第一章 圣旨

谍战三兄弟 东农十三少

他心里盘算开了。这“核心”,指的不是那些笨重的冲压机或者炼钢炉,那些玩意儿,笨重,粗糙,就算落进国民党手里,一时半会儿也转不起来,毁了也不可惜,顶多是些废铁。要移的,是那几台德国进口的精密镗床和磨床。这几台机器,是兵工厂的命根子,是工业的心脏,是我党将来从农村走向城市、从游击战走向正规战的筹码。它们重达数吨,结构复杂,精度极高,是***炮核心部件的关键。那镗床的主轴,转起来稳得像睡着了一样,切削出的炮膛内壁,光滑得能照出人影;那磨床的砂轮,转起来发出一种低沉的、令人心安的嗡嗡声,能把最硬的合金磨得像镜子一样亮。这些东西,才是真正的宝贝,是这盘棋局里最关键的几颗棋子,一步也不能错,一粒灰尘也不能沾。

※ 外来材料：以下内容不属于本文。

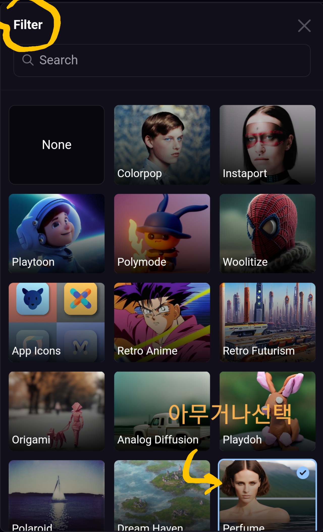 위쪽 필터 설정은 그림의 형태. 즉, 애니메이션 형태인지 유화 물감 형태인지 그림의 형태를 고르면 됩니다.
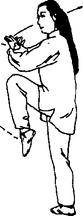 上体微左转,左腿屈膝提起;同时两臂继续弧形 绕摆,两腕上下相搭于胸前(右上左下),两掌心向侧 前,目视左前方(图270)。
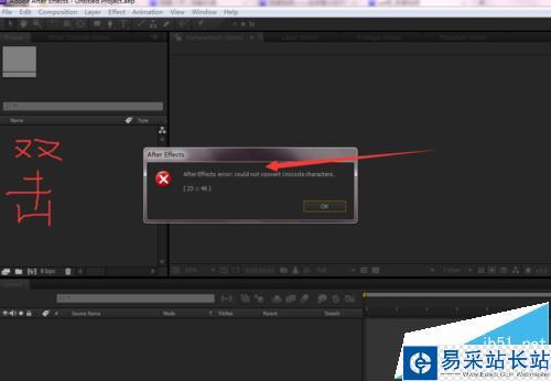 1、首先我們來看AE,出現After Effects無法轉換Unicode字符,這就導致無法導入素材,導入工程也看不到素材!
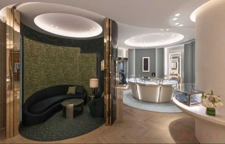 位于五层的贵宾尊享沙龙将于4月1日开幕,延续一以贯之的美学风格,以标志性的深浅绿调和高级材质,交织出充满神秘感的奢华空间,让客人能细意欣赏格拉夫的稀世珠宝,探索非同凡响的传世典藏。
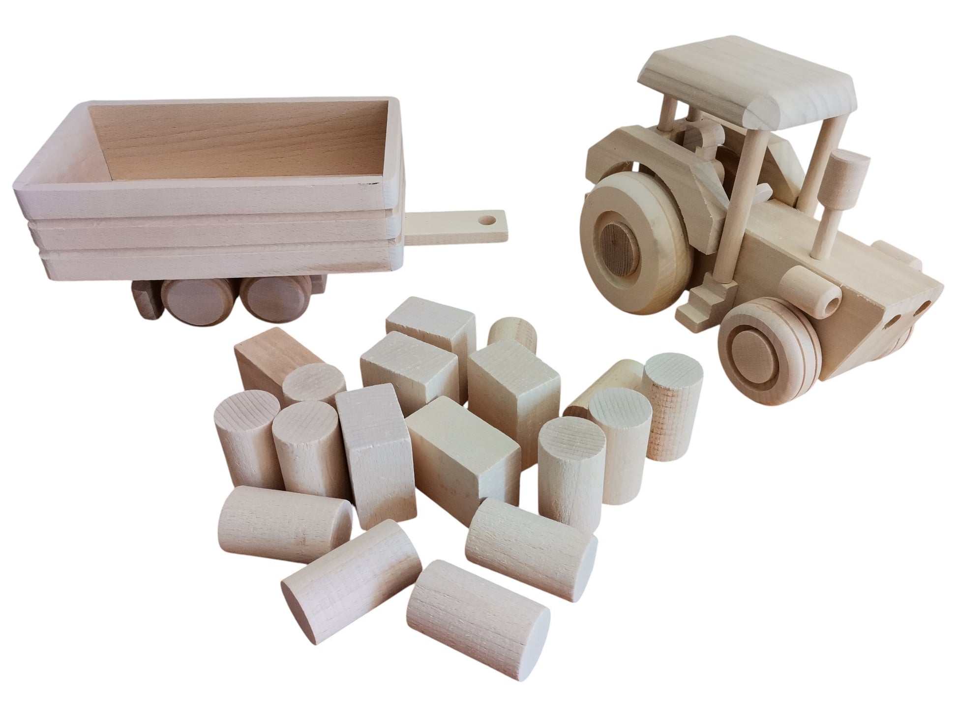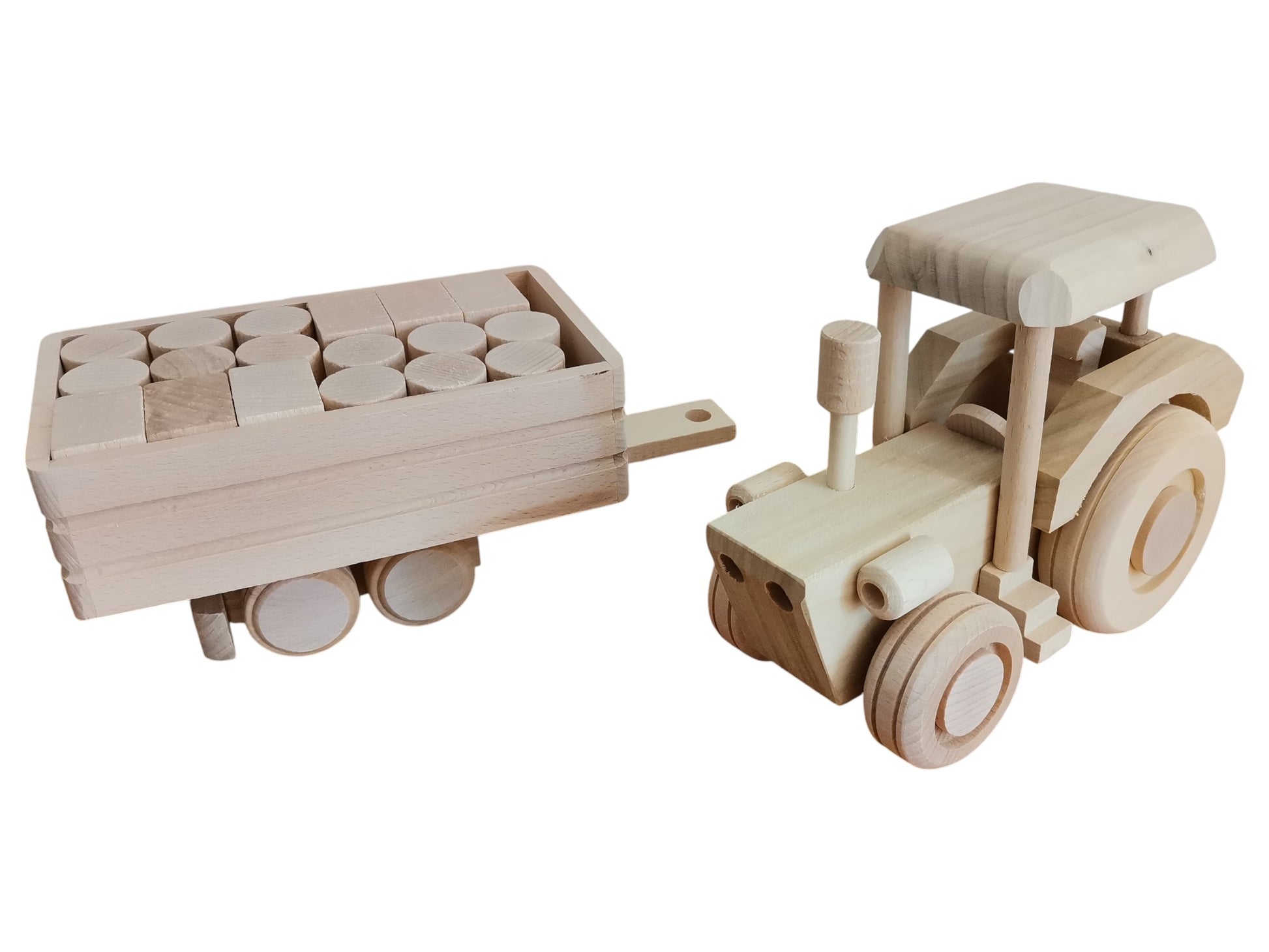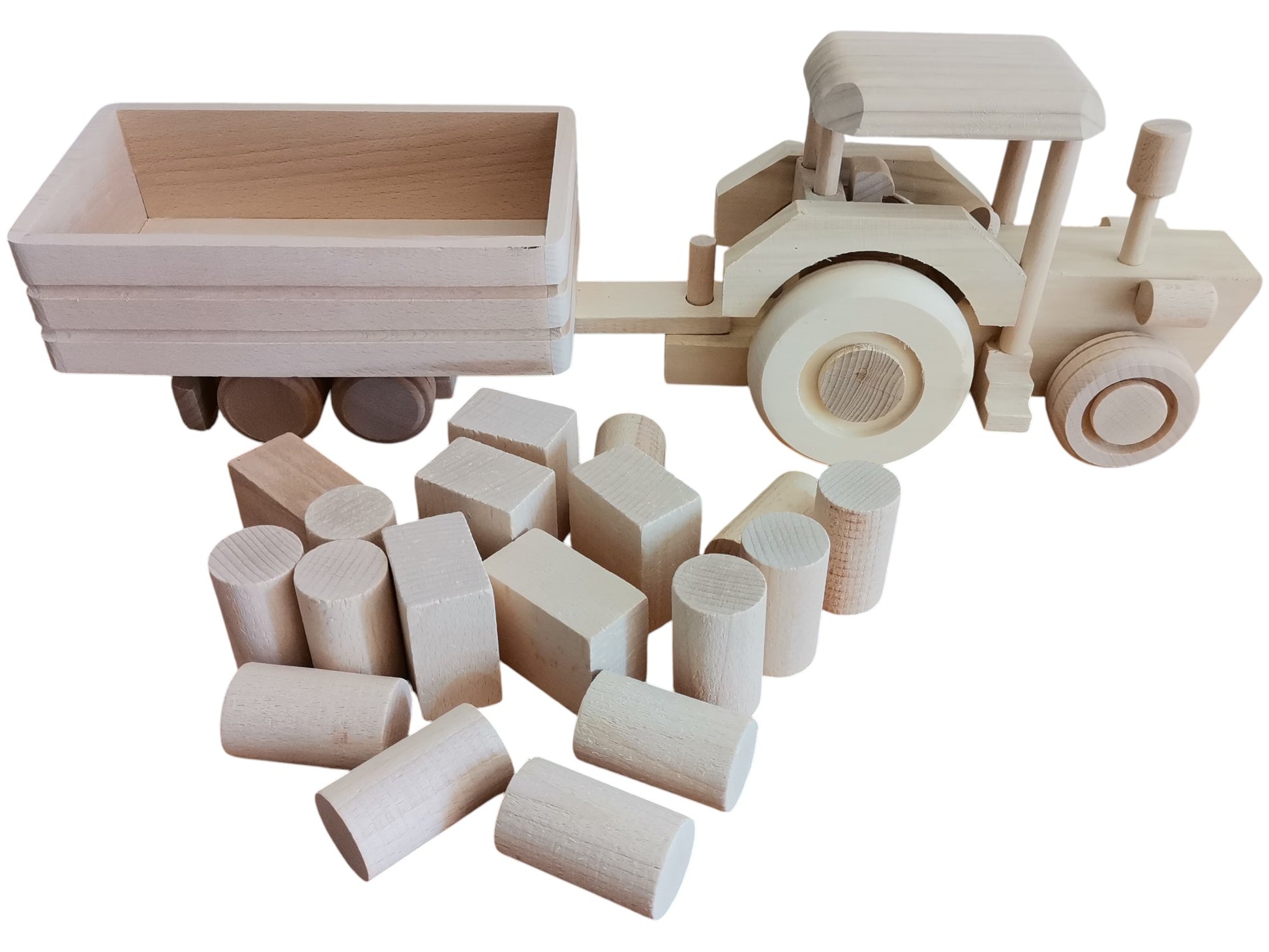 Tractor with trailer and 18 wooden blocks, big agrimotor, large traction-engine toy, raw wood toy for child, eco and safe, unpainted vehicle
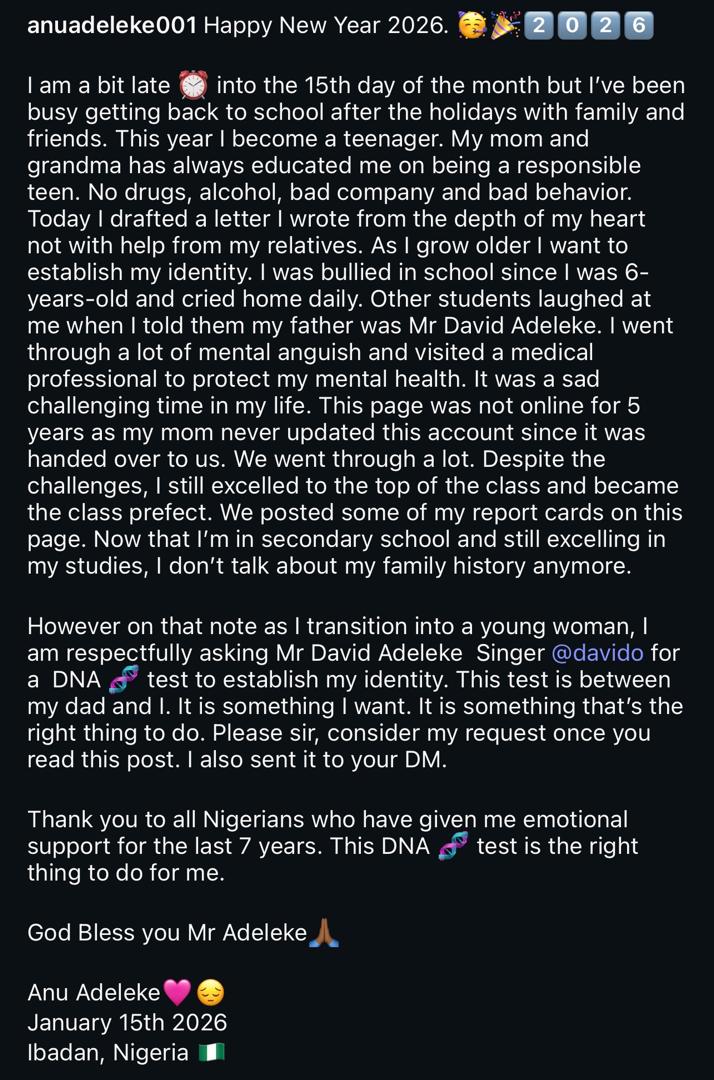 Anu Adeleke, the young woman whose mother has long claimed she was fathered by Afrobeat singer Davido, has gone public to request a DNA test to confirm her paternity.
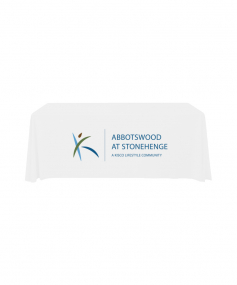 6' Standard PolyPoplin Throw style table cover with one color logo. Designed for quick and easy use while looking great. All corners are rounded meaning they will not gather and lay on the floor. Floor length on all 4 sides. Made from woven polyester. 72" L x 30" D x 29" H
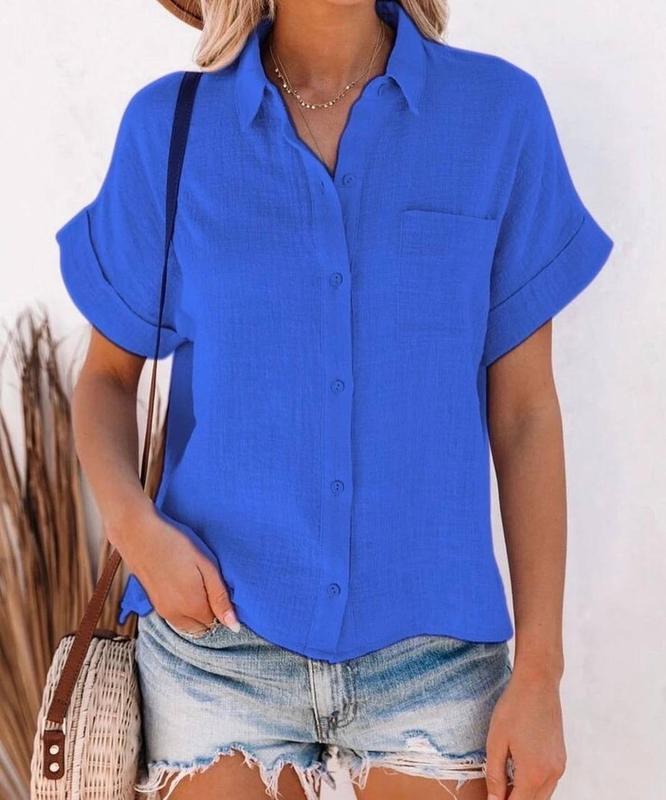 Блузка №621 Цена-450 грн Синий 42-44,46-48,50-52 Голубой 54-56 тканина льон Цвет - голубой, электрик Модная свободная рубашка на пуговицах с карманом на груди
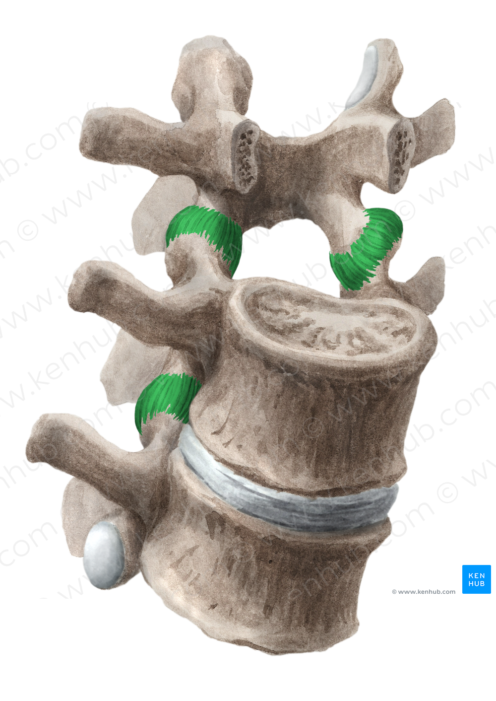 Shown from anterior perspective. Also known as Articular capsule of zygapophysial joint, and Joint capsule of zygapophyseal joint.

要移走它们,动静小不了。怎么移?往哪移?谁去移?秦康?那个留德博士,技术是好,脑子里装满了公式和图纸,连机床每一次心跳的异常都能听出来,像个能掐会算的半仙。但那性子,像刚出炉的烙铁,烫手,也烫自己。上次改生产线,搞出百分之三十的效率,把张丽那女人的鼻子都气歪了,把常伟那特务头子的眼珠子都瞪红了,把整个潜伏在哈尔滨的特务网都惊动了,像往滚油里滴了一滴水,炸开了锅。这要是让他去搬机器,那不是转移,是敲锣打鼓地告诉特务:“快来抓我啊!”那简直是把脑袋伸进老虎嘴里还要问老虎饿不饿,是嫌命长。不行。高飞摇了摇头,那颗干瘪的脑袋在棉袄里动了动,像一颗在壳里摇晃的核桃,发出轻微的骨节摩擦声。秦康太显眼,是靶子,是明面上的旗帜,是敌人恨不得食其肉寝其皮的对象。这活儿,得自己来。

他一个扫地的老头,半夜三更在厂里晃悠,没人会觉得奇怪。谁会去注意一个扫垃圾的老头?工人们见了他,最多是侧身让一让,或者嫌恶地皱皱眉,加快脚步走开。警卫巡逻,手电筒的光在他身上扫过,也只会匆匆移开,仿佛多看一眼都会脏了眼睛,那光柱甚至懒得在他身上停留半秒。他可以利用这份轻视,这份漠视,这份所有人都对他投来的、习以为常的盲区。他可以带着几个信得过的老技工——比如那个总是沉默寡言、一锤子下去就能定乾坤的锻工老赵,还有那个眼神不好却对机床结构了如指掌、闭上眼都能摸出公差的钳工孙瘸子。他们都是被这世道压弯了腰的人,也都是骨头最硬的人,是那种你就是把刀架在他们脖子上,他们也只会从牙缝里挤出几个字的人。趁着夜色,把机器拆了,化整为零。那些精密的部件,丝杆、主轴、刻度盘、液压阀……都得用破布、麻袋片一层层包好,再裹上厚厚的棉絮,不能有一丝磕碰,不能有一粒沙尘。然后,藏起来。藏在煤堆的最深处,混在废铁堆的底层,甚至,可以拆下扫帚的把手,把一些细小的、关键的零件塞进去,神不知鬼不觉。一点点挪,像蚂蚁搬家,像老鼠偷粮。虽然慢,虽然累,虽然每一步都可能踩响地雷,但安全,隐蔽,符合地下工作的法则——最危险的地方,往往是最安全的;最不起眼的人,往往能做成最惊天动地的事。这需要耐心,需要韧性,更需要一种把自己变成透明人的本事,而他,高飞,恰好有。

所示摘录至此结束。